Within the entries below, please return exactly the lines from the one with "Las mejoras en las tasas de supervivencia" through the one with "With three tiers", leaving out any pictures.

=== Data to use ===

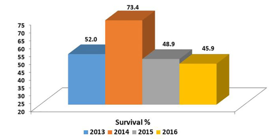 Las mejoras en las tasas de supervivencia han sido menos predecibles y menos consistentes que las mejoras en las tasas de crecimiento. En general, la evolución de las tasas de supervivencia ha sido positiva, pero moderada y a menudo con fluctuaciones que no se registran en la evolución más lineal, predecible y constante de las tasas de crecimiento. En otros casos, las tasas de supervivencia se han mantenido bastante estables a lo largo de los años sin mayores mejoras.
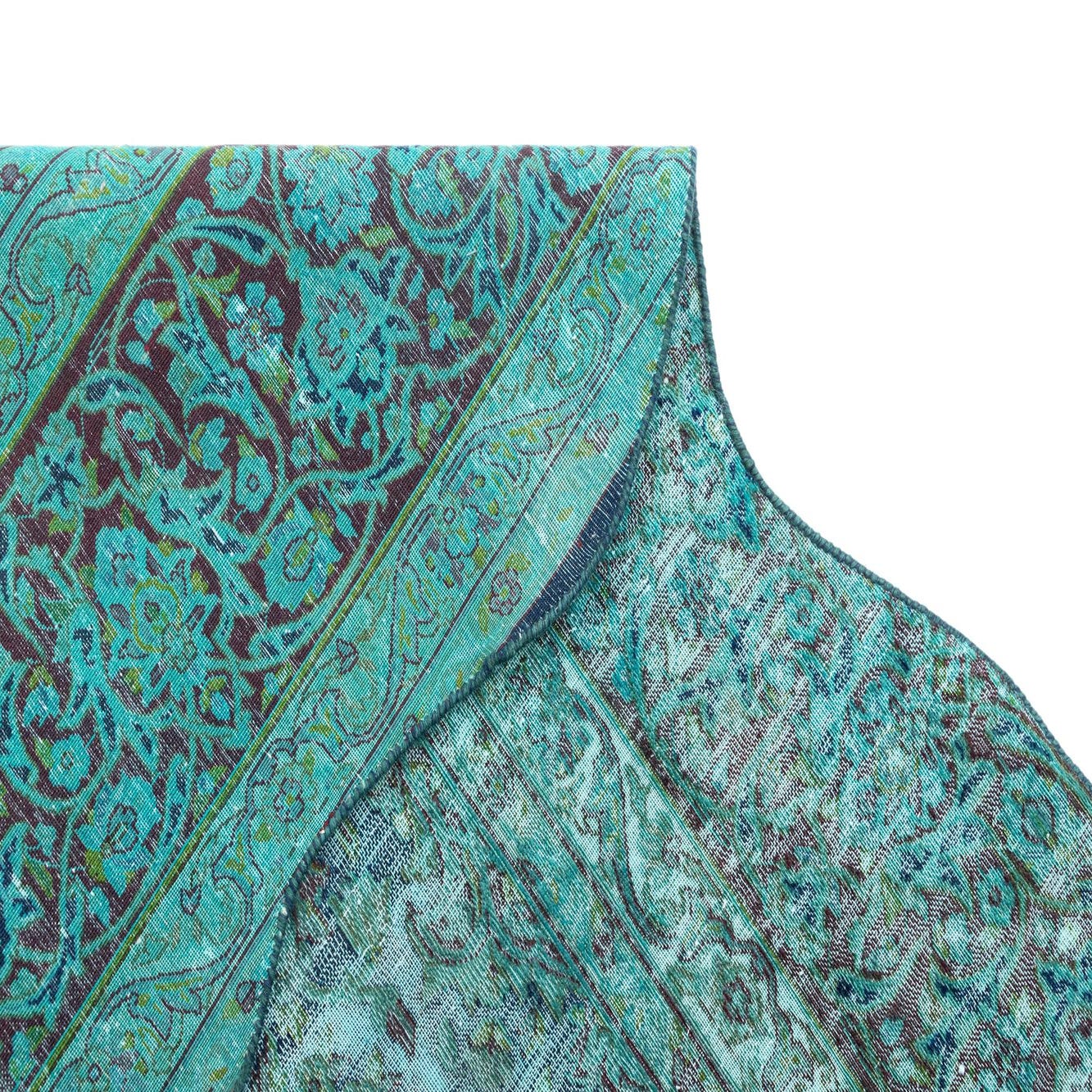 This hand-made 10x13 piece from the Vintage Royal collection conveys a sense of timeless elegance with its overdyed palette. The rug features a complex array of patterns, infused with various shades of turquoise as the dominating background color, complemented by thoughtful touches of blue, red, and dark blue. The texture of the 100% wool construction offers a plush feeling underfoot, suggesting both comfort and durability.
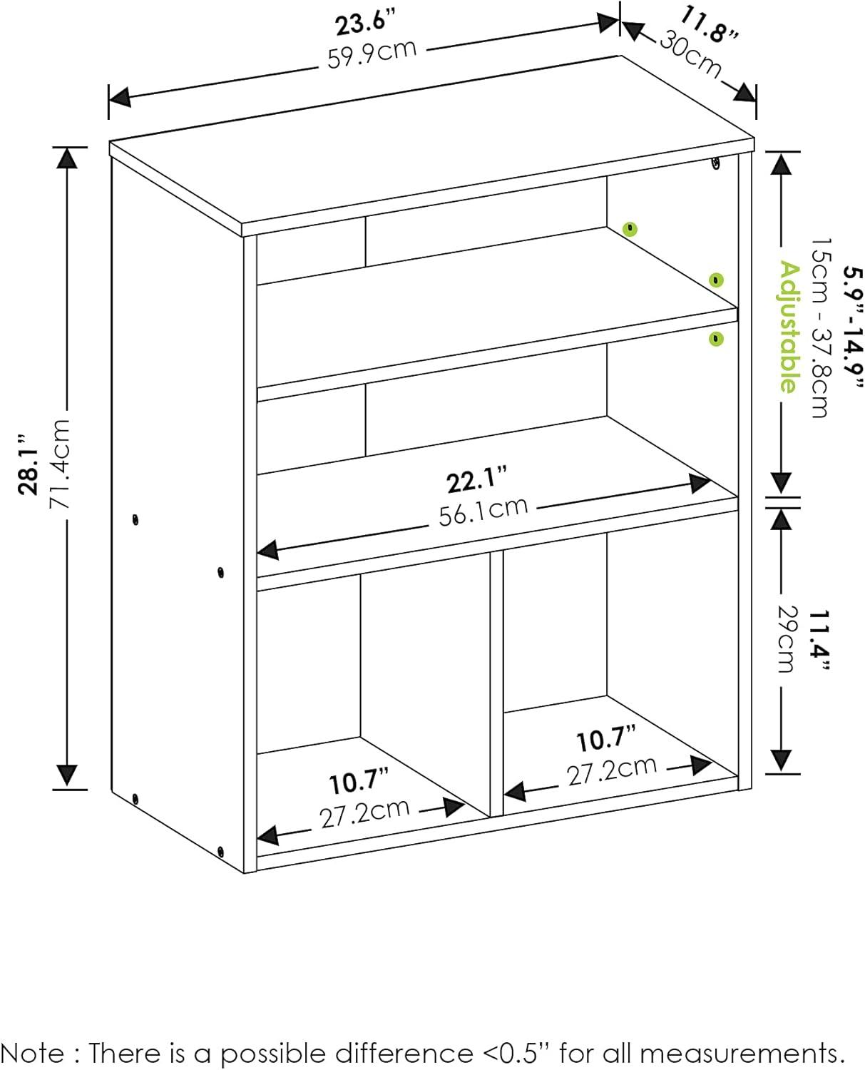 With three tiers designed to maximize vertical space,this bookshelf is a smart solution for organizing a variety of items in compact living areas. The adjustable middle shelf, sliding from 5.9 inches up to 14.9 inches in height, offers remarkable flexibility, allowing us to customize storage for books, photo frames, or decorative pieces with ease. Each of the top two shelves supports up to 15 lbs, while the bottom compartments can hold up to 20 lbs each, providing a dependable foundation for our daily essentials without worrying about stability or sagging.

===
=== Data to use ===

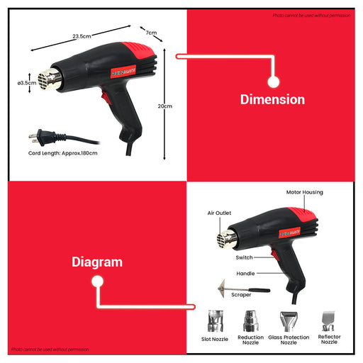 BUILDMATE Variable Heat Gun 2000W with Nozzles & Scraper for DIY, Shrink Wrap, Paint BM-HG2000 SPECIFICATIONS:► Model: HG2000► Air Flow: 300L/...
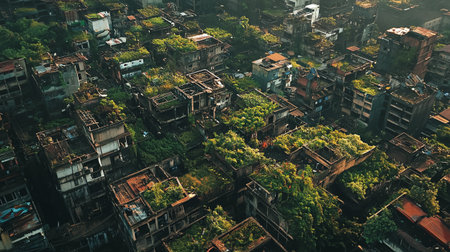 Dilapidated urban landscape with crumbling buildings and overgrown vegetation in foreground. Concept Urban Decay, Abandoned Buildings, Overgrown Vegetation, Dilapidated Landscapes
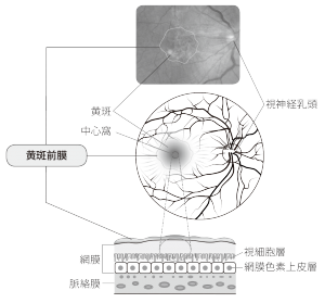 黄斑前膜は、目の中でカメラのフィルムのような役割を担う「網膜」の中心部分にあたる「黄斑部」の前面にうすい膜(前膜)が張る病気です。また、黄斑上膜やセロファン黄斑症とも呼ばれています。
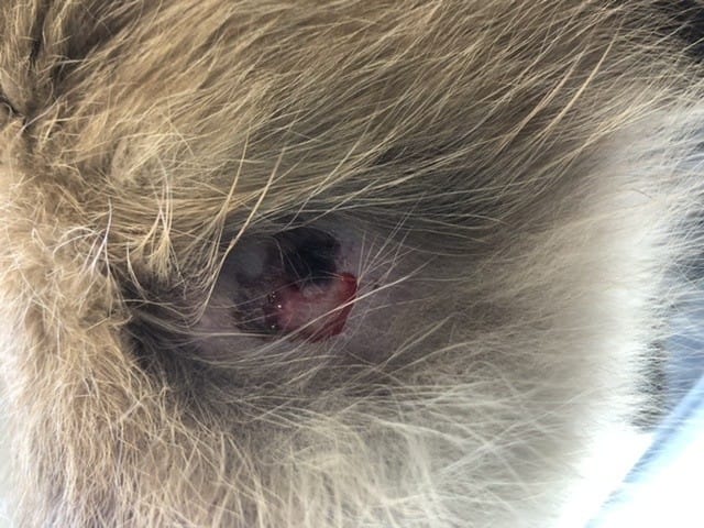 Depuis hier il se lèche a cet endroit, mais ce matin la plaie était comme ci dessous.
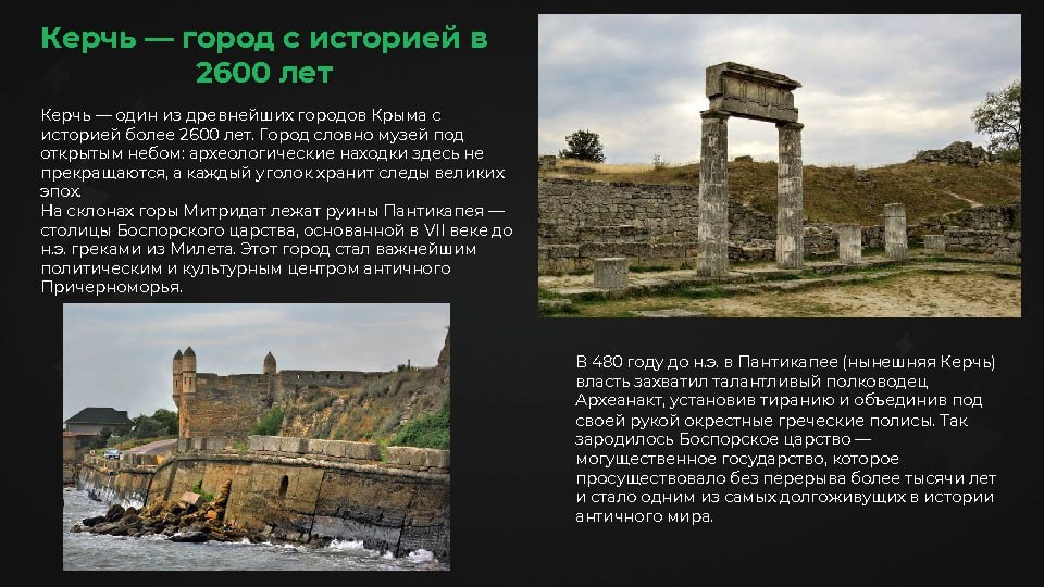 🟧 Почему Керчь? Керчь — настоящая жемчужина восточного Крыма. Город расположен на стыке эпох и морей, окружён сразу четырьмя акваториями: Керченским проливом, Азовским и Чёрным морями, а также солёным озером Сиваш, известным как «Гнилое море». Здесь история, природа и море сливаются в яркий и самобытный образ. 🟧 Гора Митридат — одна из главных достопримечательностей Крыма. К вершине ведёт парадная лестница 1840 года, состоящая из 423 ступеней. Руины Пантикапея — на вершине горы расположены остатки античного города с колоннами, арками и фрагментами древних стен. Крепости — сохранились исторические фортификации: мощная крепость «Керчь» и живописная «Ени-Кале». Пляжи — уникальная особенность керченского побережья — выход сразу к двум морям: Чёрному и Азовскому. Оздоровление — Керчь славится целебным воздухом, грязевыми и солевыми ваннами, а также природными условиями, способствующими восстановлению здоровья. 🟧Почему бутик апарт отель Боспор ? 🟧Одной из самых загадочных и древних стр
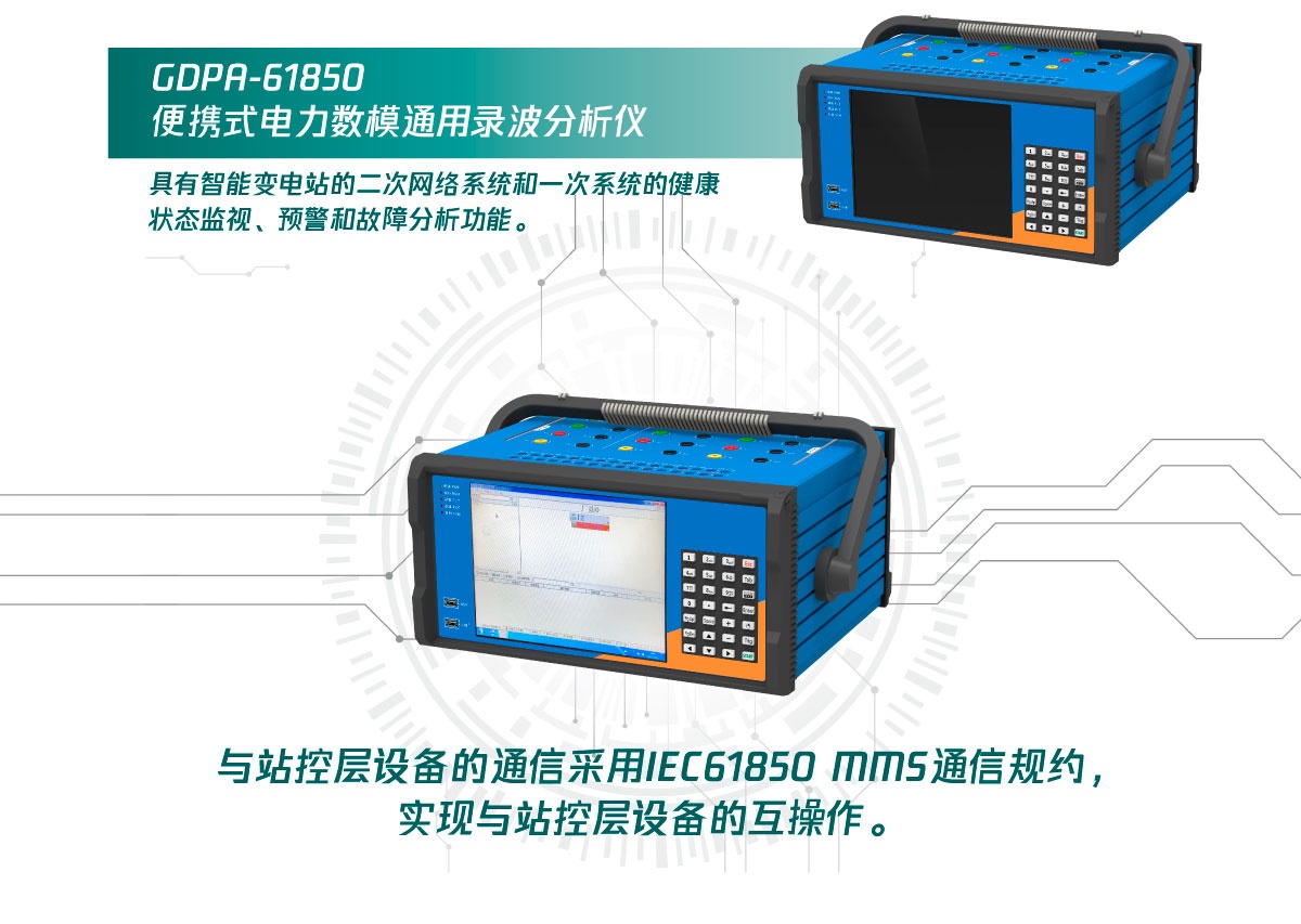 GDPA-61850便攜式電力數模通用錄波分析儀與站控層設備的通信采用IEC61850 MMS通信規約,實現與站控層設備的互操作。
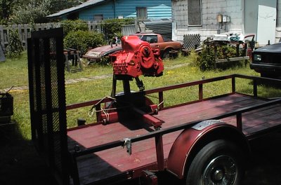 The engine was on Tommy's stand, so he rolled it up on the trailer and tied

===

* Solved exercise
 Las mejoras en las tasas de supervivencia han sido menos predecibles y menos consistentes que las mejoras en las tasas de crecimiento. En general, la evolución de las tasas de supervivencia ha sido positiva, pero moderada y a menudo con fluctuaciones que no se registran en la evolución más lineal, predecible y constante de las tasas de crecimiento. En otros casos, las tasas de supervivencia se han mantenido bastante estables a lo largo de los años sin mayores mejoras.
 This hand-made 10x13 piece from the Vintage Royal collection conveys a sense of timeless elegance with its overdyed palette. The rug features a complex array of patterns, infused with various shades of turquoise as the dominating background color, complemented by thoughtful touches of blue, red, and dark blue. The texture of the 100% wool construction offers a plush feeling underfoot, suggesting both comfort and durability.
 With three tiers designed to maximize vertical space,this bookshelf is a smart solution for organizing a variety of items in compact living areas. The adjustable middle shelf, sliding from 5.9 inches up to 14.9 inches in height, offers remarkable flexibility, allowing us to customize storage for books, photo frames, or decorative pieces with ease. Each of the top two shelves supports up to 15 lbs, while the bottom compartments can hold up to 20 lbs each, providing a dependable foundation for our daily essentials without worrying about stability or sagging.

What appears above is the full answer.